Само собой разумеется, что просодическая форма перевода может считаться верной только в той мере, в какой это позволяет переход от русской тонической системы к французской силлабической. Так, ямбические тетраметры «Не пой, красавица…» или трохеические «Мне не спится…» («Стихи, сочиненные ночью во время бессонницы») трансформируются Набоковым в восьмистопники. Менее оправданным кажется выбор александрийского стиха для переложения ямбического пентаметра: «В степи мирской…», поскольку этот размер так же редок в лирической поэзии Пушкина, как александрийский стих распространен во французской лирике. Но очевидно, что Набоков стремился придать стиху истинно пушкинский разбег, а при помощи десятисложника, более подходящего с точки зрения строгой метрики, достичь этого было бы труднее. Распределение рифм в пределах каждого отрывка воспроизводится со скрупулезной точностью даже в том случае, когда в оригинале наличествует тройная рифма, как, например, в стихотворении: «Мне не спится…». Приводимые в эссе стихи могут служить блестящими образцами перевода-причащения. Из глубин творчества Пушкина Набоков выносит концепцию поэзии и искусства, которая настолько совпадает с его собственной, что в заключении эссе он «потрясает» ею с явным ликованием. Пушкинская идея, многократно отраженная в его поэзии, хорошо известна. Это утверждение необходимой и полной независимости художника, диктующей отказ от утилитарных требований толпы, отрицание любого компромисса искусства с социальной жизнью и полная свобода вдохновения.
Эту идею Пушкина Набоков демонстрирует на примере отрывка из «Египетских ночей», где поведение Поэта, безумное с точки зрения простого смертного, последовательно сравнивается с капризами ветра, непостижимой фантазией орла и с безрассудной любовью Дездемоны к Мавру. Заручившись гарантией истинности, которой служат ему пушкинские стихи, автор завершает эссе триумфальным вызовом своей эпохе: «Нет, решительно, так называемой социальной жизни и всему, что толкнуло на бунт моих сограждан, нет места в лучах моей лампы; и если я не требую себе башни из слоновой кости, то только потому, что доволен своим чердаком» (II, 550).

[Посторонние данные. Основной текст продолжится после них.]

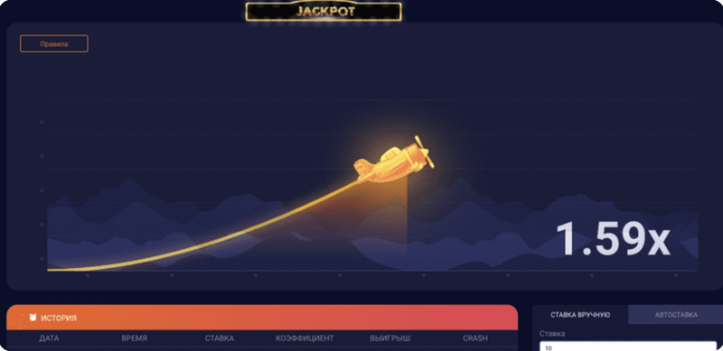 Crash – это инновационная и динамичная игра, в которой игроки делают ставки и наблюдают, как коэффициент выплаты увеличивается в режиме реального времени. Цель игры – вывести ставку из игры до того, как самолет “разрушится”. Вы можете выйти из игры в любой момент, забирая свой текущий выигрыш. Главное – выбрать подходящий момент, чтобы максимизировать вашу прибыль и избежать потерь.
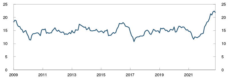 According to Norges Bank’s Expectations Survey, inflation expectations for the coming years have increased recently. Long-term inflation expectations increased further in 2022 Q4 and are above the 2% target.

Понятно, таким образом, что Набокова, по его мнению, объединяет с Пушкиным глубокая общность творцов. Это оправдывает, по-видимому, тот факт, что эссе написано от первого лица и что «Я» автора присутствует в тексте так же энергично, как и «Он» поэта, словно оба местоимения взаимозаменяемы. Можно даже предположить, что Набоков, родившийся через сто лет после Пушкина, втайне наслаждался тем, что случай представил ему возможность приехать в Париж в 1937 году и написать это эссе в том же возрасте, в каком был Пушкин в год смерти.
Но декларируемое подобие двух творцов воспринимается с некоторой долей скептицизма. Вдумчивое изучение текста показывает, что на основе неоспоримого родства и сходства восхищенный ученик делает своеобразную попытку приспособить к себе творчество Мастера, одновременно избавляясь от того, что ему не подходит. Набоков словно натягивает на себя редингот поэта, предварительно подогнав его по мерке.
Ход его мыслей в этом случае показателен. Как будто следуя за прихотливым развитием темы, мысль писателя совершает колебательные движения. Например, он начинает с того, что выпускает самые острые стрелы в жанр романизированной биографии, а двумя страницами ниже сам, совершенно осознанно и с наслаждением, предается радостям этого жанра, хотя и представленного во фрагментарной форме. Далее Набоков декларирует иллюзорность успеха любой попытки перевода, а вслед за этим предоставляет читателю восхищаться, и совершенно справедливо, результатом своей работы. На самом деле писатель непрерывно балансирует между двумя полюсами, обозначенными им как «правда» и «правдоподобие» и формирующими его утонченную диалектику. Правда недосягаема, идет ли речь о правдивом отражении Пушкина-человека или о точном соответствии перевода оригиналу. Единственно возможным оказывается правдоподобие, предлагающее читателю неизбежно искаженное представление о жизни и творчестве поэта. Искаженное — но, с точки зрения Набокова, — приемлемое, поскольку оно отвечает условию, которое он называет «правдой искусства», значительно превосходящей скучную правду реальности. Правдоподобие требует включения всех возможностей творческого воображения того, кто стремится его достичь. Правда пушкинской поэзии, т. е., по Набокову, правдоподобие, реализуется в эссе средствами набоковского искусства, которое целиком обусловлено личностью писателя. И это тем более очевидно, что переводчик Пушкина увлекает его за собой в чужую землю, за пределы родной страны, туда, где русский стих для обретения смысла нуждается в талантливом посреднике. Отныне Пушкин, которого представляет французскому читателю Набоков, появляется таким, каким он явлен писателем, — совершенно правдоподобным, ибо совершенно набоковизированным.